2. That an agreement to insure is non-maritime, see Virginia-Carolina Chemical Co. v. Chesapeake Lighterage & Towing Co., 2 Cir., 279 F. 684; Osterhoudt v. Hedger Transp. Co., 2 Cir., 54 F.2d 282; F. S. Royster Guano Co. v. W. E. Hedger Co., Inc., 2 Cir., 48 F.2d 86. That admiralty is without jurisdiction to entertain a counter-claim for damages arising out of a non-maritime contract, see Armour & Co. v. Ft. Morgan S. S. Co., 270 U.S. 253, 46 S.Ct. 212, 70 L.Ed. 571; Puget Sound Navigation Co. v. Puget Sound Tug & Barge Co., D.C., 75 F.Supp. 404; and The D. T. Gilmartin, D.C., 66 F.Supp. 382 and cases cited in it.
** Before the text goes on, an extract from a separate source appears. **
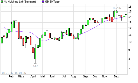 Mit dem Anstieg auf 14,52 EUR hat die Nu Holdings-Aktie am 02.01.2026 die 50-Tage-Linie nach oben gekreuzt.Die Nu Holdings-Aktie befindet sich seit dem 15.08.2025 im ...weiterlesen

3. Pavlis v. Jackson (The Portaritisa), 5 Cir., 131 F.2d 362; Mosher v. Parker Bros. & Co., 5 Cir., 178 F.2d 419; Socony-Vacuum Oil Co. v. Smith, 5 Cir., 179 F.2d 672. But see Colvin v. Kokusai, etc., 5 Cir., 72 F.2d 44; C. J. Dick Towing Co. v. The Leo, 5 Cir., 202 F.2d 850, 852; McAllister v. U. S., 348 U.S. 19, 75 S.Ct. 6.
4. Cf. Buchanan v. Sinclair Oil & Gas Co., D.C., 126 F.Supp. 950; affirmed Buchanan v. Sinclair, 5 Cir., 218 F.2d 435.
5. The allegations in the cross-libel come nearer to pleading a contract, but no effective appeal was, or could have been, taken from the action of the court in dismissing this claim of the cross-libel.